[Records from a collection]
++++

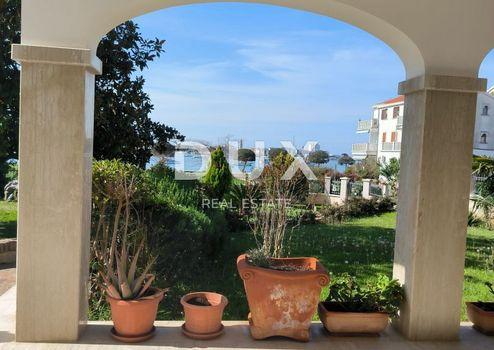 Zum Verkauf steht eine freistehende Luxusvilla am Meer mit Meerblick von allen Ebenen. Die Villa erstreckt sich über zwei Etagen und in der Natur befinden sich zwei großzügige und hochwertige Wohnungen. Die Wohnfläche beträgt ca. 380 m2 und befindet sich auf einem wunderschönen Grundstück von 1191 m2. Der liebevoll angelegte und gepflegte Hof eröffnet die Möglichkeit zum Bau eines Swimmingpools und bietet neben dem schönen Garten auch einen überdachten Bereich mit gemauerter Feuerstelle neben dem Teich für maximalen Genuss mit Familie und Freunden. Bereits vom Erdgeschoss aus hat man einen Panoramablick auf das Meer und die Stadt, und im Erdgeschoss befindet sich eine geräumige und gut ausgestattete Wohnung mit einem offenen Wohnzimmer, einer Küche, einem Esszimmer, einem Flur, zwei Schlafzimmern, einem davon die ein eigenes Badezimmer hat. Das Wohnzimmer führt zu einer überdachten Terrasse mit Blick auf den schönen Garten und das Meer. Im ersten Stock befindet sich eine größere, geräumige Wohnung mit geräumigen Zimmern, bestehend aus einem Flur, einer Toilette, einer Küche und einem großen offenen Wohnzimmer, von dem aus Sie das Meer in Ihrer Handfläche sehen und vom Wohnzimmer aus Zugang haben eine schöne Terrasse. Im zweiten Teil der Wohnung befinden sich zwei Schlafzimmer (eines davon mit Meerblick), ein Arbeitszimmer und ein Badezimmer. Darüber hinaus verfügt die Villa über einen Weinkeller sowie einen großen Heizraum mit einem voll ausgestatteten System für Gas-Fußbodenheizung, Gas-Zentralheizung, Wasserfilter und Klimaanlagen. Eine Video- und Alarmanlage wurde installiert. Die Villa bietet einen überdachten Bereich für zwei Haustiere sowie zusätzlichen Parkplatz. Der Zugang zur Villa ist von zwei Seiten möglich. Es handelt sich um ein sehr hochwertiges und gut erhaltenes Objekt in seltener und begehrter Lage! Der Verkäufer ist eine juristische Person und der Preis enthält die Mehrwertsteuer.
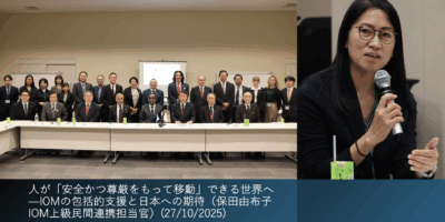 人が「安全かつ尊厳をもって移動」できる世界へ—IOMの包括的支援と日本への期待(保田由布子 IOM上級民間連携担当官)(27/10/2025) 2025-10-27 0 comment IOM駐日事務所の保田由布子・上級民間連携担当官は、紛争・災害・貧困など多様な要因による移動に対し、IOMが安全・合法・尊厳ある移動と受入社… Read More >>
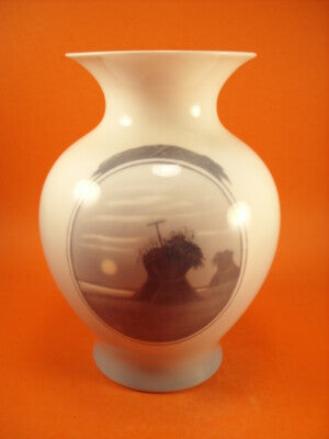 A garanzia di autenticità il vaso reca il marchio della Royal Copenhagen, la Corona sopra le tre Linee Ondulate, e le iniziali del pittore.
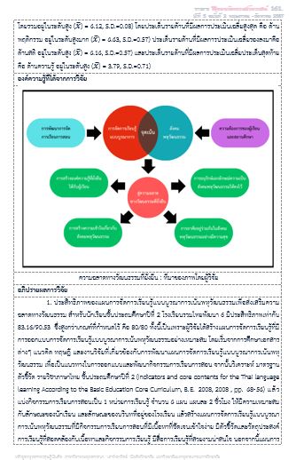 The results of the research found that 1) the efficiency of the teaching and learning activities by organizing integrated learning with an emphasis on multiculturalism to promote cultural intelligence. for grade 2 students at Ruam Thai Phatthana 6 School, the performance was 83.16/90.53, which is higher than the specified criteria of 80/80. 2) Cultural intelligence skills of Grade 2 students at Ruam Thai Phatthana 6 School. After studying with teaching activities by organizing integrated learning with an emphasis on multiculturalism to promote cultural intelligence. Overall, it was at a very high level (x ̅ = 4.71, S.D.=.16)
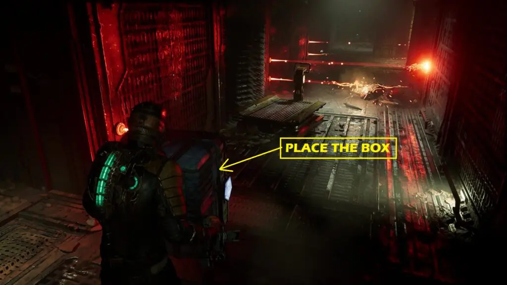 Step out of the elevator and proceed ahead. Soon you will reach an area with lasers blocking your path. Use Kinesis to move the box there in front of the laser as shown in the picture below and proceed ahead. Cross all the lasers then turn right and enter Extraction Area.
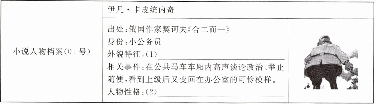 9.阅读小说,将小说人物档案(01号)补充完整。(3分)
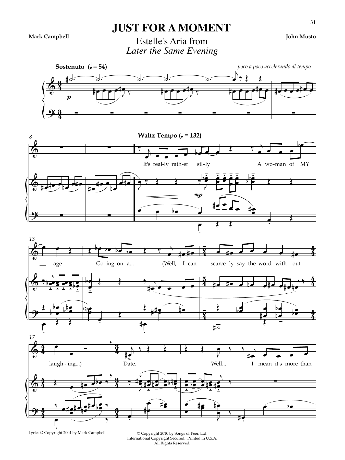 Download or print John Musto Just For A Moment sheet music, chords and digital score arranged for Piano & Vocal. This Classical score includes 16 page(s).
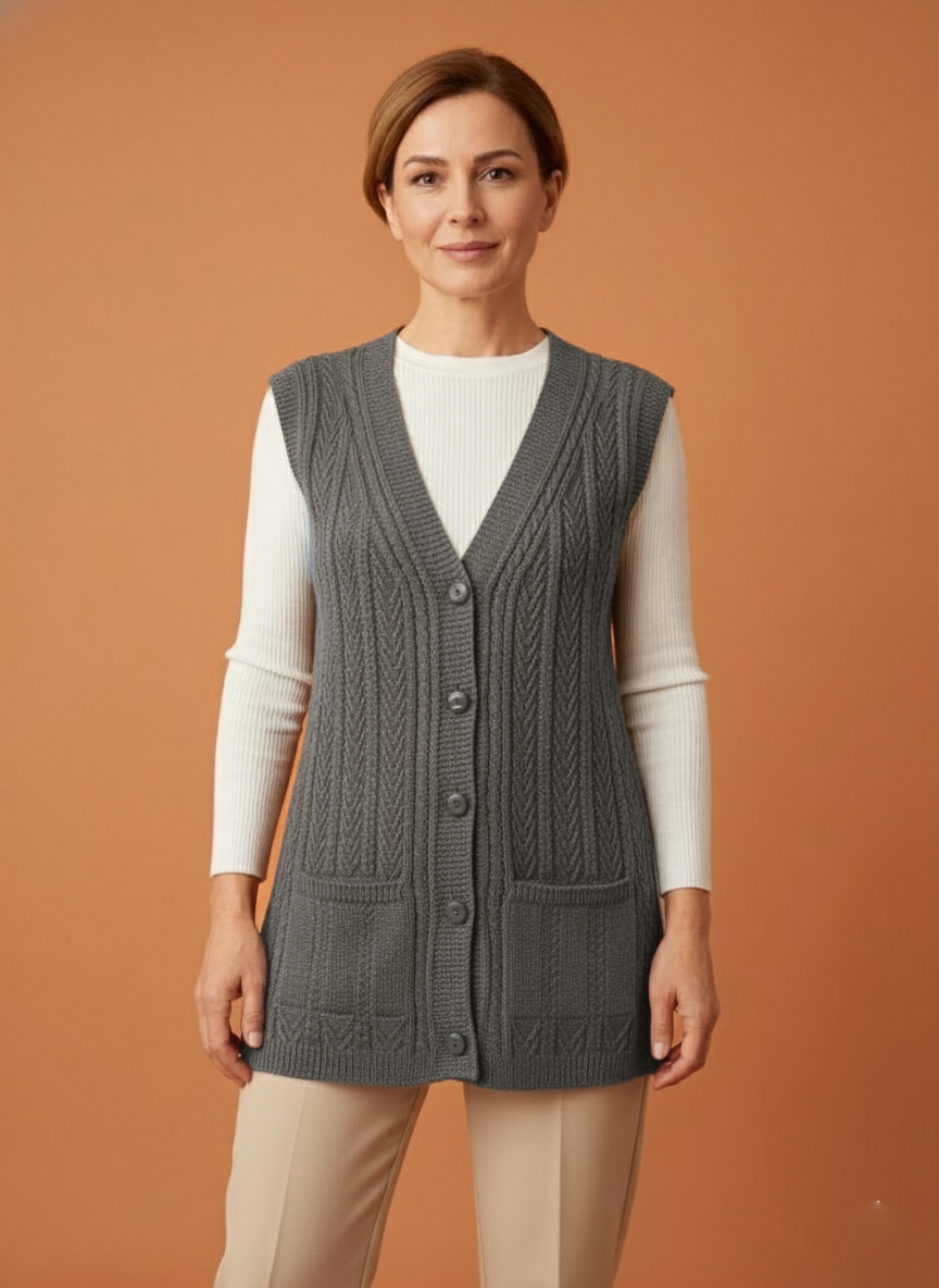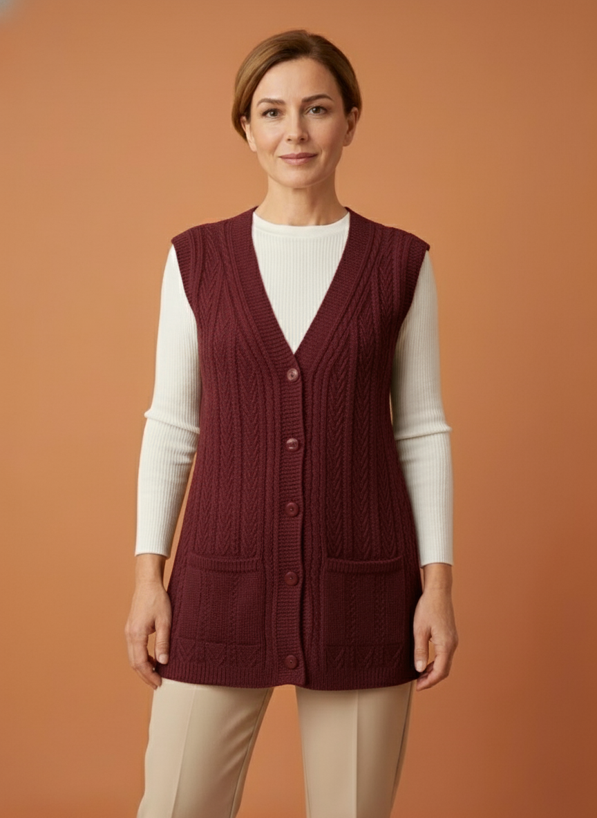 Kadın Düğmeli Esnek Kalın Anne Triko Yelek
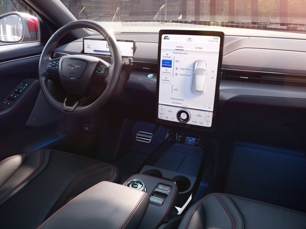 Como mencionamos anteriormente, la pieza central en la cabina del Mach-E es una gran pantalla táctil de 15,5 pulgadas o 39 centímetros. Montada verticalmente, ejecuta el sistema de infoentretenimiento Sync de nueva generación de Ford. Este sistema está diseñado para ser intuitivo y puede personalizarse con hasta tres perfiles de conductor.
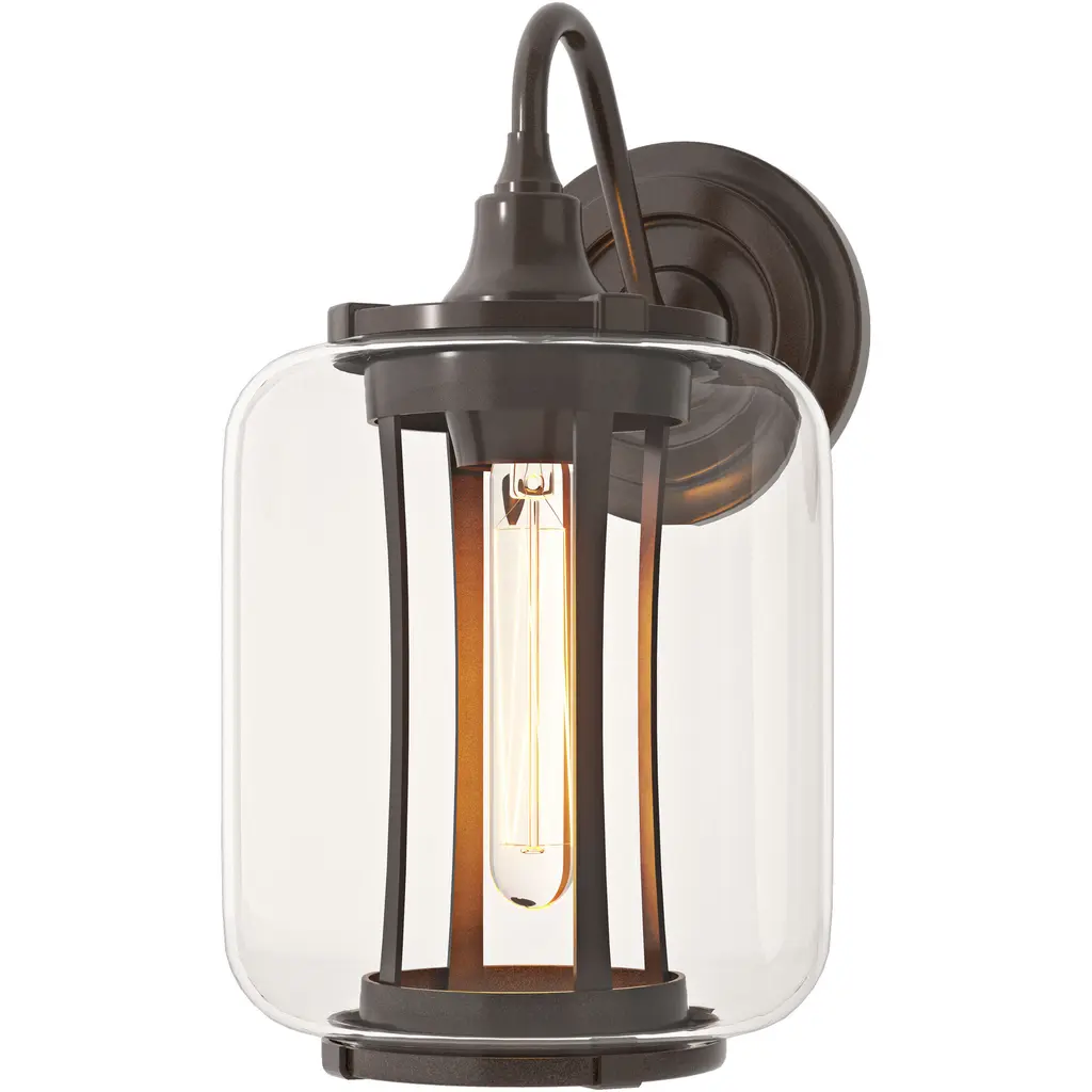 Soft curves define the coastal lanterns of the Fairwinds Outdoor Collection in a variety of sizes and formats appropriate for any exterior setting. the Fairwinds Outdoor Sconce features an internal open handcrafted metal cage structure, within a clear glass shade. Available in a choice of robust Coastal Outdoor Finishes.
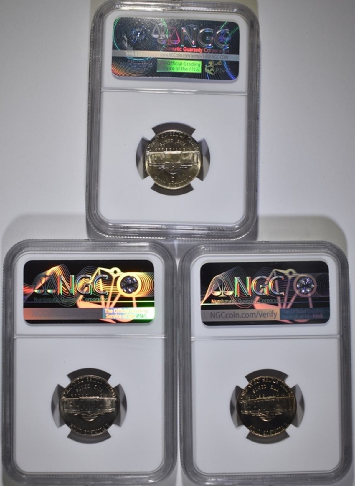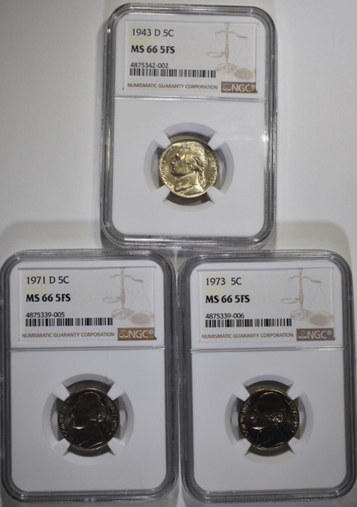 1943-D, 71-D & 73 JEFFERSON NICKELS, NGC MS-66 FS
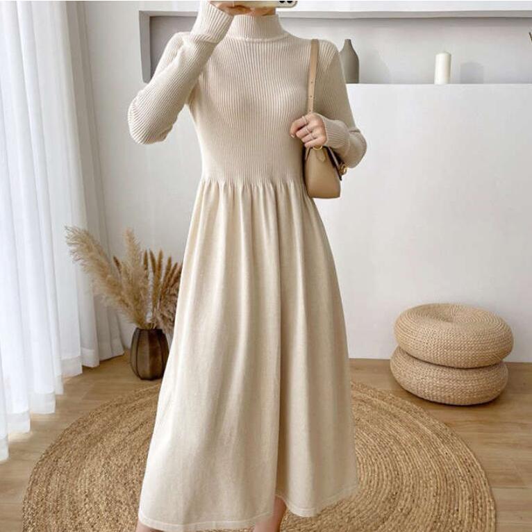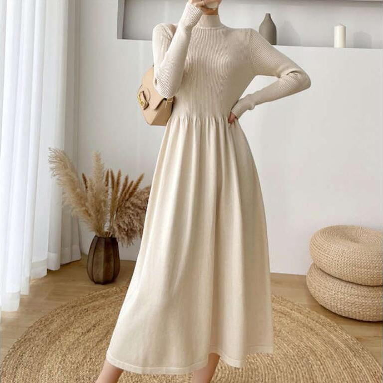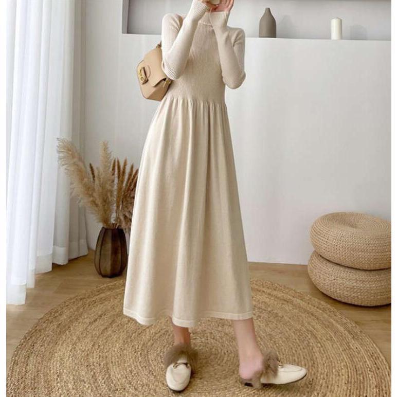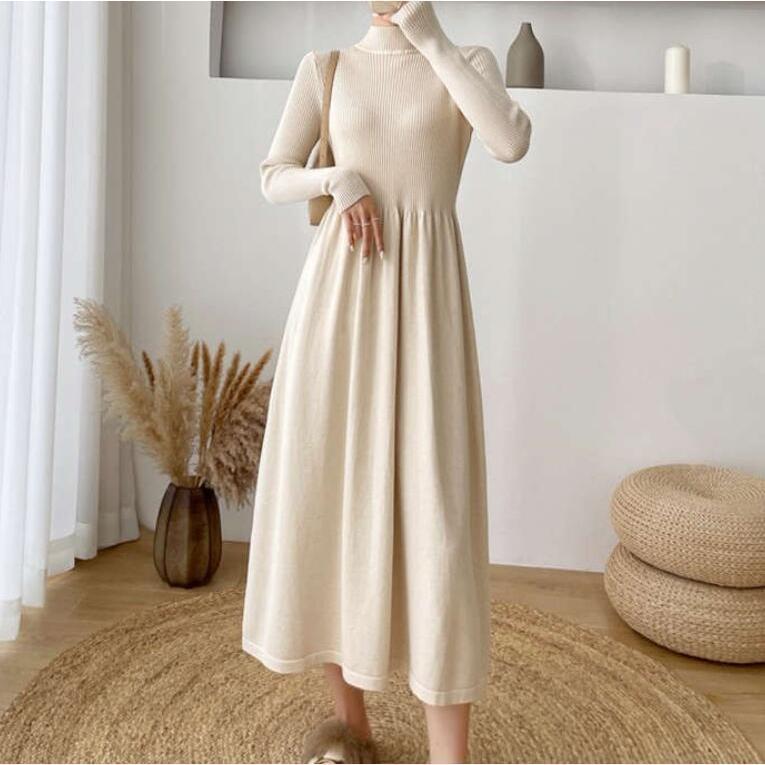 ニットワンピース レディース ワンピース ニット ワンピ リブ リブニット 秋冬 きれいめ ニットワンピ 大人 長袖 ロング ハイネック ニットワンピ

++++

▶ **HOW TO COMPLETE THIS TASK**: Exclude images and repeat all entries exactly.

▶ **EXERCISE ANSWER**:
 Zum Verkauf steht eine freistehende Luxusvilla am Meer mit Meerblick von allen Ebenen. Die Villa erstreckt sich über zwei Etagen und in der Natur befinden sich zwei großzügige und hochwertige Wohnungen. Die Wohnfläche beträgt ca. 380 m2 und befindet sich auf einem wunderschönen Grundstück von 1191 m2. Der liebevoll angelegte und gepflegte Hof eröffnet die Möglichkeit zum Bau eines Swimmingpools und bietet neben dem schönen Garten auch einen überdachten Bereich mit gemauerter Feuerstelle neben dem Teich für maximalen Genuss mit Familie und Freunden. Bereits vom Erdgeschoss aus hat man einen Panoramablick auf das Meer und die Stadt, und im Erdgeschoss befindet sich eine geräumige und gut ausgestattete Wohnung mit einem offenen Wohnzimmer, einer Küche, einem Esszimmer, einem Flur, zwei Schlafzimmern, einem davon die ein eigenes Badezimmer hat. Das Wohnzimmer führt zu einer überdachten Terrasse mit Blick auf den schönen Garten und das Meer. Im ersten Stock befindet sich eine größere, geräumige Wohnung mit geräumigen Zimmern, bestehend aus einem Flur, einer Toilette, einer Küche und einem großen offenen Wohnzimmer, von dem aus Sie das Meer in Ihrer Handfläche sehen und vom Wohnzimmer aus Zugang haben eine schöne Terrasse. Im zweiten Teil der Wohnung befinden sich zwei Schlafzimmer (eines davon mit Meerblick), ein Arbeitszimmer und ein Badezimmer. Darüber hinaus verfügt die Villa über einen Weinkeller sowie einen großen Heizraum mit einem voll ausgestatteten System für Gas-Fußbodenheizung, Gas-Zentralheizung, Wasserfilter und Klimaanlagen. Eine Video- und Alarmanlage wurde installiert. Die Villa bietet einen überdachten Bereich für zwei Haustiere sowie zusätzlichen Parkplatz. Der Zugang zur Villa ist von zwei Seiten möglich. Es handelt sich um ein sehr hochwertiges und gut erhaltenes Objekt in seltener und begehrter Lage! Der Verkäufer ist eine juristische Person und der Preis enthält die Mehrwertsteuer.
 人が「安全かつ尊厳をもって移動」できる世界へ—IOMの包括的支援と日本への期待(保田由布子 IOM上級民間連携担当官)(27/10/2025) 2025-10-27 0 comment IOM駐日事務所の保田由布子・上級民間連携担当官は、紛争・災害・貧困など多様な要因による移動に対し、IOMが安全・合法・尊厳ある移動と受入社… Read More >>
 A garanzia di autenticità il vaso reca il marchio della Royal Copenhagen, la Corona sopra le tre Linee Ondulate, e le iniziali del pittore.
 The results of the research found that 1) the efficiency of the teaching and learning activities by organizing integrated learning with an emphasis on multiculturalism to promote cultural intelligence. for grade 2 students at Ruam Thai Phatthana 6 School, the performance was 83.16/90.53, which is higher than the specified criteria of 80/80. 2) Cultural intelligence skills of Grade 2 students at Ruam Thai Phatthana 6 School. After studying with teaching activities by organizing integrated learning with an emphasis on multiculturalism to promote cultural intelligence. Overall, it was at a very high level (x ̅ = 4.71, S.D.=.16)
 Step out of the elevator and proceed ahead. Soon you will reach an area with lasers blocking your path. Use Kinesis to move the box there in front of the laser as shown in the picture below and proceed ahead. Cross all the lasers then turn right and enter Extraction Area.
 9.阅读小说,将小说人物档案(01号)补充完整。(3分)
 Download or print John Musto Just For A Moment sheet music, chords and digital score arranged for Piano & Vocal. This Classical score includes 16 page(s).
 Kadın Düğmeli Esnek Kalın Anne Triko Yelek
 Como mencionamos anteriormente, la pieza central en la cabina del Mach-E es una gran pantalla táctil de 15,5 pulgadas o 39 centímetros. Montada verticalmente, ejecuta el sistema de infoentretenimiento Sync de nueva generación de Ford. Este sistema está diseñado para ser intuitivo y puede personalizarse con hasta tres perfiles de conductor.
 Soft curves define the coastal lanterns of the Fairwinds Outdoor Collection in a variety of sizes and formats appropriate for any exterior setting. the Fairwinds Outdoor Sconce features an internal open handcrafted metal cage structure, within a clear glass shade. Available in a choice of robust Coastal Outdoor Finishes.
 1943-D, 71-D & 73 JEFFERSON NICKELS, NGC MS-66 FS
 ニットワンピース レディース ワンピース ニット ワンピ リブ リブニット 秋冬 きれいめ ニットワンピ 大人 長袖 ロング ハイネック ニットワンピ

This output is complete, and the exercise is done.